The is predicate is a built-in feature of Prolog, and is declared as an infix operator. Its behaviour is illustrated by the following queries:

?-X is 5+7-3.
X = 9

?-9 is 5+7-3.
Yes

?-9 is X+7-3.
Error in arithmetic expression

?-X is 5*3+7/2.
X = 18.5


Tip

Try these queries here in SWISH.

% Try these queries here.

/** <examples>
?-X is 5+7-3.
?-9 is 5+7-3.
?-9 is X+7-3.
?-X is 5*3+7/2.
*/


The last example shows, that arithmetic expressions obey the usual precedence rules (which can be overruled using parentheses). Also, note that the is predicate can handle real numbers.

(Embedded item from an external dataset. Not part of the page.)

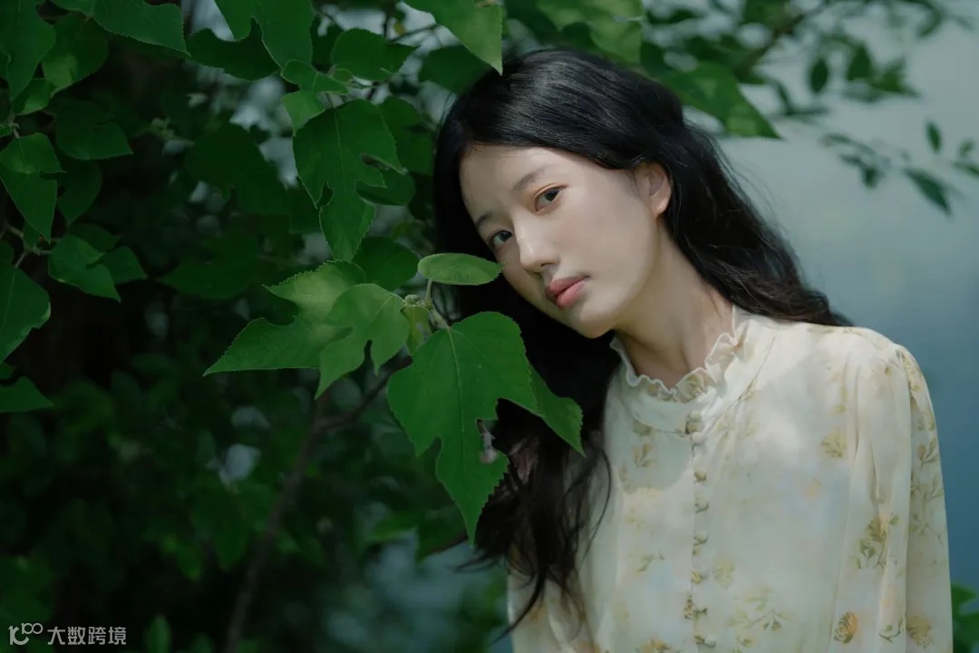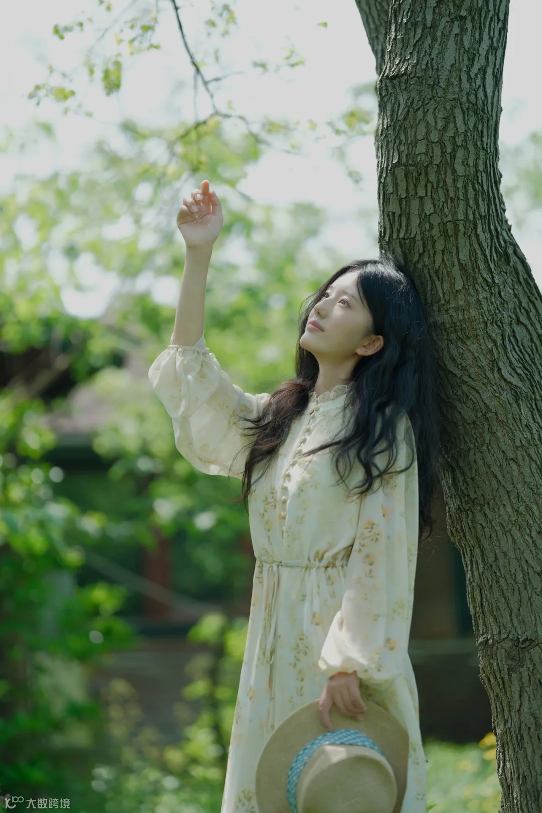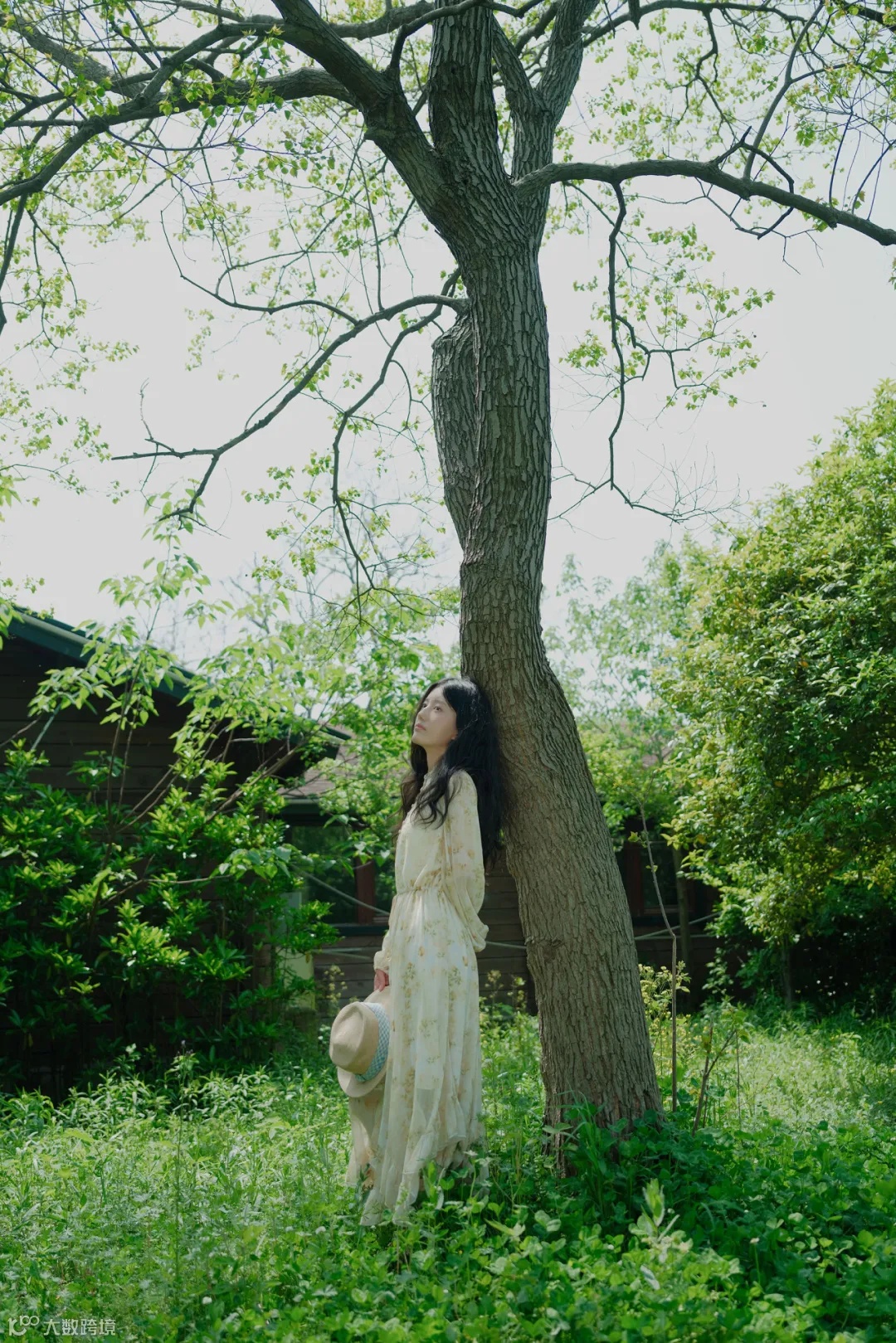 有一棵树已经发出了茂密的新芽,模特站在树下,感受阳光落在脸上的感觉,阳光透过树叶罅隙的感觉很好看。

Prolog also provides a built-in predicate =, but this predicate behaves quite differently from is, since it performs unification rather than arithmetic evaluation (see also Section 2.3). The following queries illustrate the operation of =:

?-X = 5+7-3.
X = 5+7-3

?-9 = 5+7-3.
No

?-9 = X+7-3.
No

?-X = Y+7-3.
X = _947+7-3
Y = _947

?-X = f(X).
X = f(f(f(f(f(f(f(f(f(f(f(f(f(f(f(f(f(f(f(f(f(f(f(f(f(f(f(f(f(f(f
(f(f(f(f(f(f(f(f(f(f(f(f(f(f(f(f(f(f(f(f(f(f(f(f(f(f(f(f(f(f(f(f(
Error: term being written is too deep


The first query just unifies X with the term 5+7-3 (i.e. +(5,-(7,3))), which of course succeeds. In the second and third query, we try to unify a constant with a complex term, which fails. The fourth query succeeds, leaving Y unbound (_947 is an internal variable name, generated by Prolog).

Tip

Try these queries here in SWISH. Is the answer to the last query really as described above?

% Try these queries here.

/** <examples>
?-X = 5+7-3.
?-9 = 5+7-3.
?-9 = X+7-3.
?-X = Y+7-3.
?-X = f(X).
*/


The fifth query illustrates that Prolog indeed omits the occur check (Section 2.3) in unification: the query should have failed, but instead it succeeds, resulting in the circular binding { Xf(X) }. The problem only becomes apparent when Prolog tries to write the resulting term, which is infinite. Just to stress that Prolog quite happily constructs circular bindings, take a look at the following strange program:

strange:-X=f(X).


The query ?-strange succeeds, and since there is no answer substitution, it is not apparent that there is a circular binding involved.

Exercise 3.9 #

Write a predicate zero(A,B,C,X) which, given the coefficients $$a$$, $$b$$ and $$c$$, calculates both values of $$x$$ for which $$ax^2 + bx + c = 0$$.

Finally, we mention that Prolog provides a number of other useful arithmetic predicates, including the inequality tests < and >, and their reflexive counterparts =< and >=. For these tests, both arguments should be instantiated to numbers.